Mark Jaquith created WordPress Plugin Directory Slurper to solve this exact problem. Before this tool, researchers had limited options: manually download thousands of plugins through the web interface, write custom scrapers that might miss plugins or violate terms of service, or attempt to clone the entire SVN repository (which includes every revision of every file ever committed—an impossibly large dataset). The Slurper takes a different approach: it downloads only the stable release ZIP files that WordPress.org generates, tracks what's changed using SVN revision numbers, and parallelizes downloads to make the process reasonably fast.
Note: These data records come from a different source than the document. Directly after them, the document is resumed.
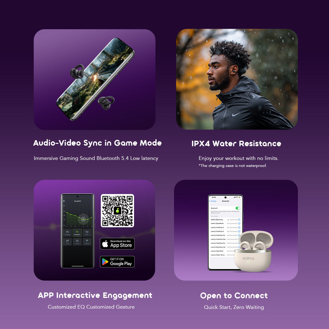 Durable and versatile, OpenSnap is IPX4 water-resistant, ready for workouts and outdoor use. With precise button controls, low-latency game mode, and customization through the oraimo Sound App, it combines premium performance with everyday convenience.
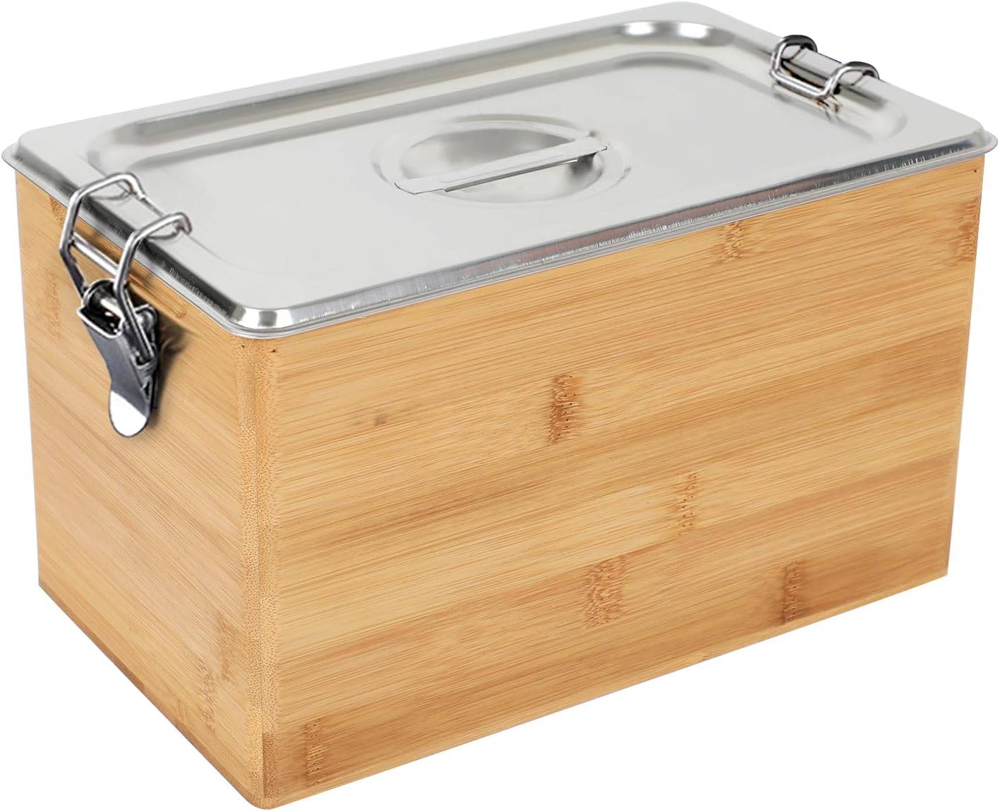 - 【Recessed Design】This kitchen compost bin is easy to clean, when you finish each use, you can directly rinse the built-in stainless steel liner or put it into the dishwasher to clean, and then dry it and then put it into the bamboo wooden box, easy to use
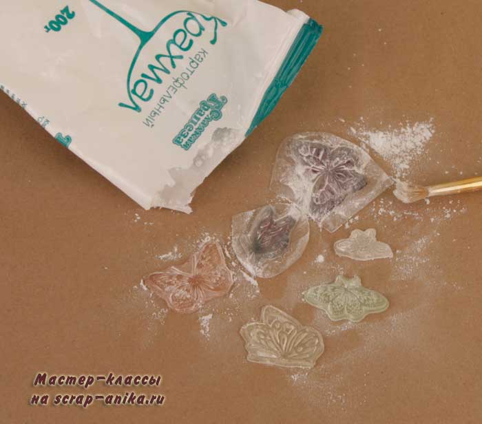 Припудриваю крахмалом штампы с насекомыми. В качестве штампов можно использовать что угодно. Например, декор из полимерной глины, кружева, красивые факрурные поверхности (даже упаковку от конфет).
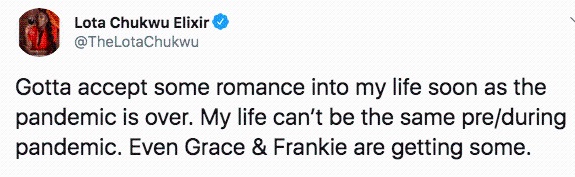 “Gotta accept some romance into my life soon as the pandemic is over. My life can’t be the same pre/during pandemic. Even Grace & Frankie are getting some“, she tweeted.

It's essentially rsync for the WordPress plugin ecosystem, purpose-built for developers who need local access to everything.
Technical Insight
The architecture of WordPress Plugin Directory Slurper reveals several clever decisions that make managing 70,000+ plugins tractable. At its core, it's a bash script that orchestrates PHP, SVN, wget, and Unix pipelines into an efficient synchronization engine.
The tool avoids the biggest trap: trying to use SVN checkouts. WordPress plugins live in a Subversion repository where each plugin can have trunk, branches, and tags directories. The stable version might be in trunk, or in a tag like /tags/2.4.1, or somewhere else entirely. Instead of parsing this structure, the Slurper downloads the pre-built ZIP files that WordPress.org generates at URLs like https://downloads.wordpress.org/plugin/plugin-name.zip. This is the same file users download through the admin interface, and WordPress.org has already figured out which version is stable.
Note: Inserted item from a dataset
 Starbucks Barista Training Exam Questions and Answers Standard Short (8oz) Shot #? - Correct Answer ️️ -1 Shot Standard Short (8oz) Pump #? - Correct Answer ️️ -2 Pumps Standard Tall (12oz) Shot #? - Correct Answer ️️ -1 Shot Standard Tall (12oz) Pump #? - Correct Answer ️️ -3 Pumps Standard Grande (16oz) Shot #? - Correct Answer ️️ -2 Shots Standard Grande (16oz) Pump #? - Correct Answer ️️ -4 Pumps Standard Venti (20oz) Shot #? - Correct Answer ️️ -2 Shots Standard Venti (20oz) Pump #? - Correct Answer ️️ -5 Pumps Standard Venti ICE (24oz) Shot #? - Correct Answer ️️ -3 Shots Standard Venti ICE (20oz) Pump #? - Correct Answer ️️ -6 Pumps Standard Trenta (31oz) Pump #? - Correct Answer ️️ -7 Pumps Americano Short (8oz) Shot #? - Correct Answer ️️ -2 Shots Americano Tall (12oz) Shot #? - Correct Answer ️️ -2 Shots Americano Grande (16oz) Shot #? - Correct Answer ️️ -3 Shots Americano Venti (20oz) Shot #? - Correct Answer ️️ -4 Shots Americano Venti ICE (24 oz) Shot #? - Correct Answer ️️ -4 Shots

The synchronization intelligence comes from tracking SVN revision numbers. Here's the core logic:
// Get the list of plugins that changed since last sync
$last_revision = file_exists('.last-revision')
? (int) file_get_contents('.last-revision')
: 0;
$current_revision = (int) shell_exec(
'svn info https://plugins.svn.wordpress.org/ | grep "Revision:" | awk "{print \$2}"'
);
// Query SVN for changed paths since last revision
$changed = shell_exec(
"svn log https://plugins.svn.wordpress.org/ -v -r" .
($last_revision + 1) . ":" . $current_revision .
" | grep '^ [A-Z] /[^/]*$' | awk '{print \$2}' | cut -d'/' -f2 | sort -u"
);
$plugins_to_update = array_filter(explode("\n", trim($changed)));
This approach is elegant: SVN's log with -v (verbose) shows which paths changed. By filtering for top-level directory changes and comparing against the stored .last-revision file, the script identifies only plugins that have been updated. On subsequent runs, instead of downloading 70,000 plugins, you might only download 200.
The parallelization strategy leverages Unix pipelines and xargs. After generating a list of plugin ZIP URLs to download, the script pipes them through xargs with the -P flag to spawn multiple wget processes:
# Download plugins in parallel (default 10 concurrent)
cat plugins-to-download.txt | \
xargs -P 10 -I {} wget -q -nc \
https://downloads.wordpress.org/plugin/{}.zip \
-P ./plugins/
The -P 10 flag creates up to 10 parallel wget processes. On a fast connection, this transforms a 3-hour sequential download into a 20-minute parallel one. The -nc (no-clobber) flag prevents re-downloading if the file already exists, adding another layer of efficiency.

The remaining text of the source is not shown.